🤖 AI Summary
Existing implicit-solvent machine learning models rely solely on force matching, introducing arbitrary constant offsets in predicted solvation free energies and precluding absolute free energy comparisons across molecules. To address this, we propose LSNN, a graph neural network that jointly models force matching and derivative matching with respect to alchemical coupling parameters (λ), enabling end-to-end multi-task training. Trained on a dataset of 300,000 small molecules, LSNN achieves explicit-solvent alchemical simulation accuracy for solvation free energy prediction (RMSE ≈ 0.5 kcal/mol) while accelerating computation by three to four orders of magnitude. Crucially, LSNN overcomes the fundamental limitation of conventional implicit-solvent models—which are restricted to relative free energy estimation—by enabling high-accuracy absolute free energy predictions. This advancement establishes a new, efficient, and reliable paradigm for large-scale thermodynamic screening in drug discovery.
📝 Abstract
The implicit solvent approach offers a computationally efficient framework to model solvation effects in molecular simulations.
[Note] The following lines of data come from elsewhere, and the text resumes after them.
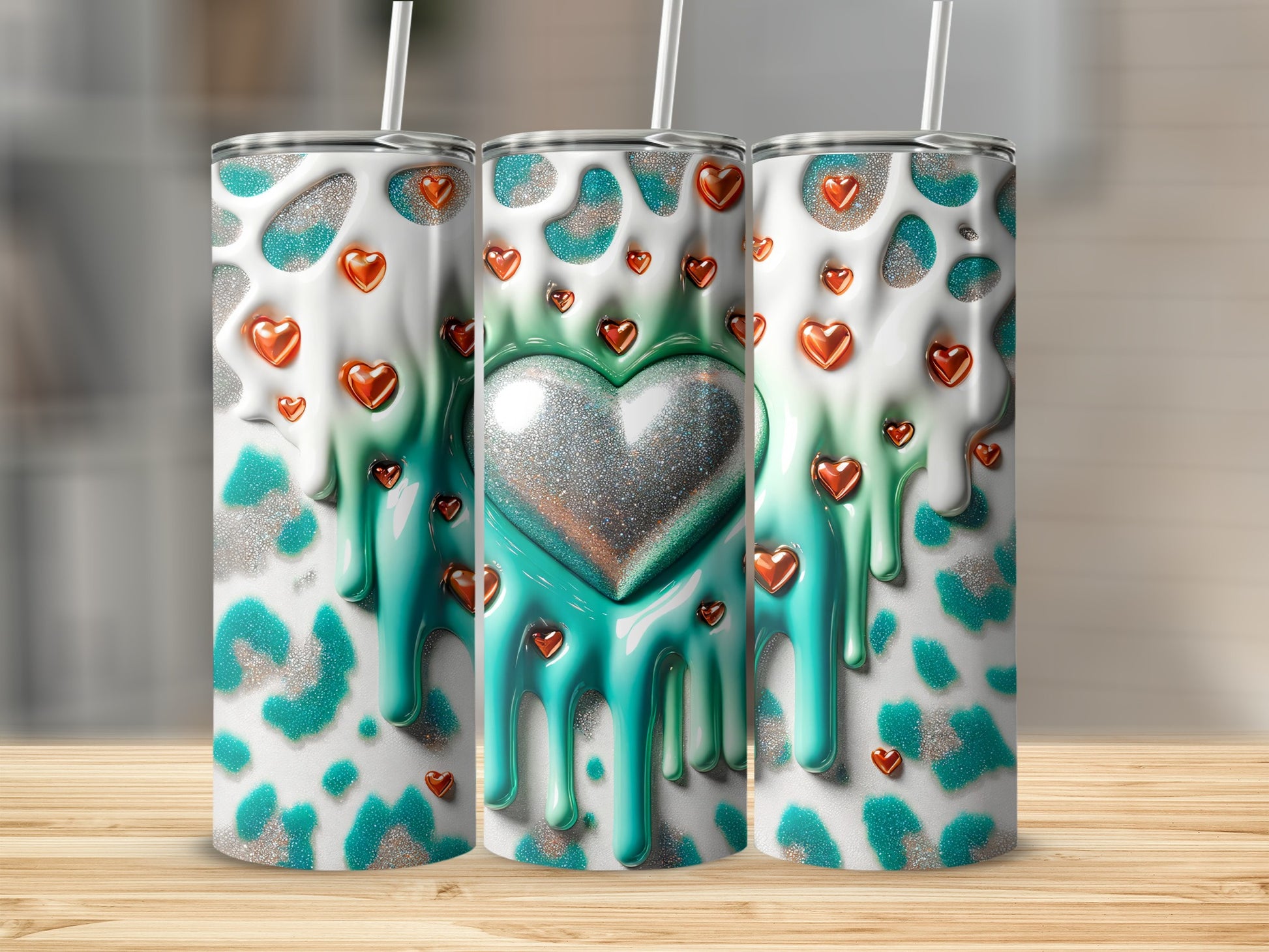 Discover the allure of our Turquoise Drip Tumblers featuring a captivating design with golden hearts and a central silver heart. This enchanting tumbler will surely make you stand out.
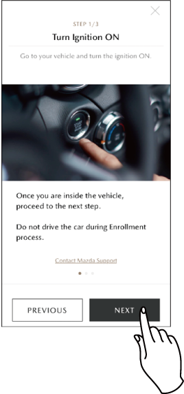 Get in your vehicle and switch the push button start / power switch ON, and then touchNEXT
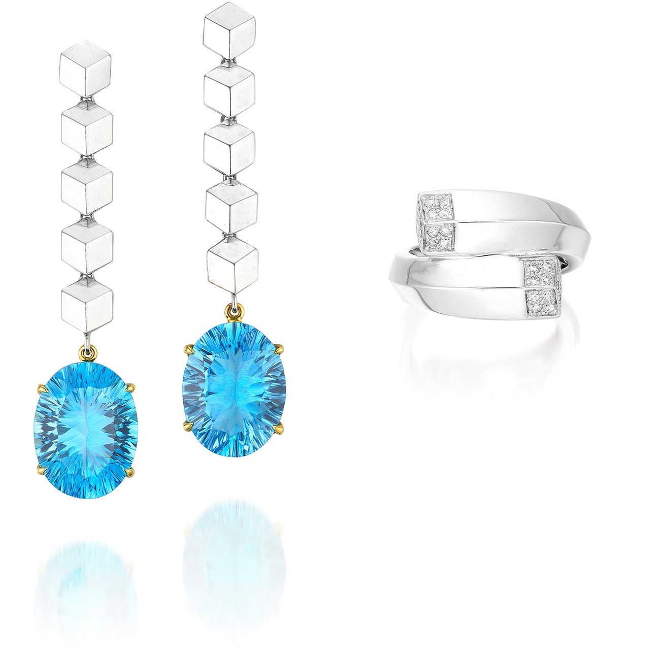 Comprising: a pair of earrings, each set with an oval topaz, suspending from a line of white gold cubes, mounted in white gold and yellow gold, post and butterfly fittings, pendants detachable, signed Paolo Costagli, length approixmately 60 mm; and a ring of crossover design, each terminal pavé-set with brilliant-cut diamonds, mounted in white gold, signed Paolo Costagli, size 7¼.
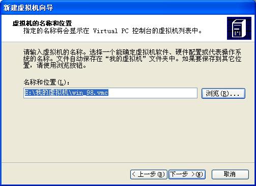 输入新建的虚拟机的名称,点浏览可以指定虚拟机文件的存放位置,如果不指定,默认是存放在我的文档\我的虚拟机\下面.
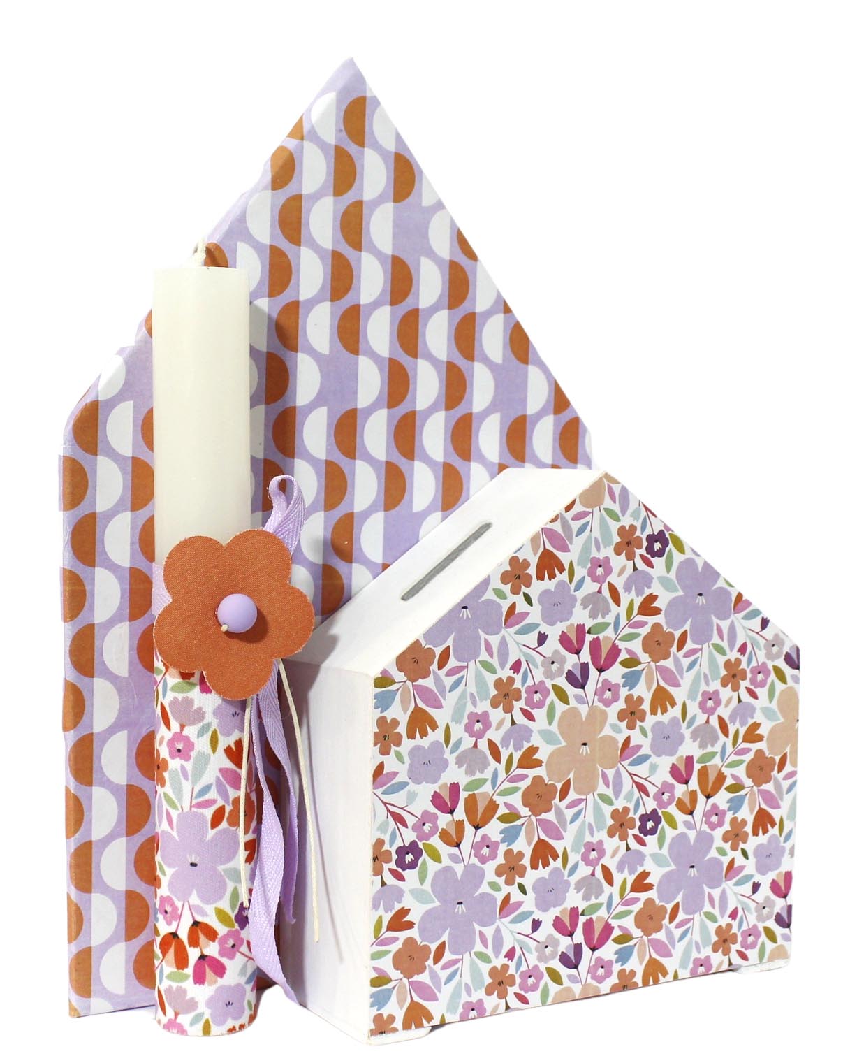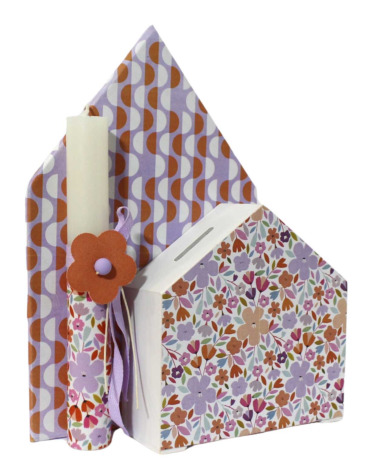 πασχαλινό σετ, λαμπάδα και επιτραπέζιο διακοσμητικο σπιτάκι με ξύλινο κουμπαρα.

However, its accuracy often falls short compared to explicit solvent models, limiting its use in precise thermodynamic calculations. Recent advancements in machine learning (ML) present an opportunity to overcome these limitations by leveraging neural networks to develop more precise implicit solvent potentials for diverse applications. A major drawback of current ML-based methods is their reliance on force-matching alone, which can lead to energy predictions that differ by an arbitrary constant and are therefore unsuitable for absolute free energy comparisons. Here, we introduce a novel methodology with a graph neural network (GNN)-based implicit solvent model, dubbed Lambda Solvation Neural Network (LSNN). In addition to force-matching, this network was trained to match the derivatives of alchemical variables, ensuring that solvation free energies can be meaningfully compared across chemical species.. Trained on a dataset of approximately 300,000 small molecules, LSNN achieves free energy predictions with accuracy comparable to explicit-solvent alchemical simulations, while offering a computational speedup and establishing a foundational framework for future applications in drug discovery.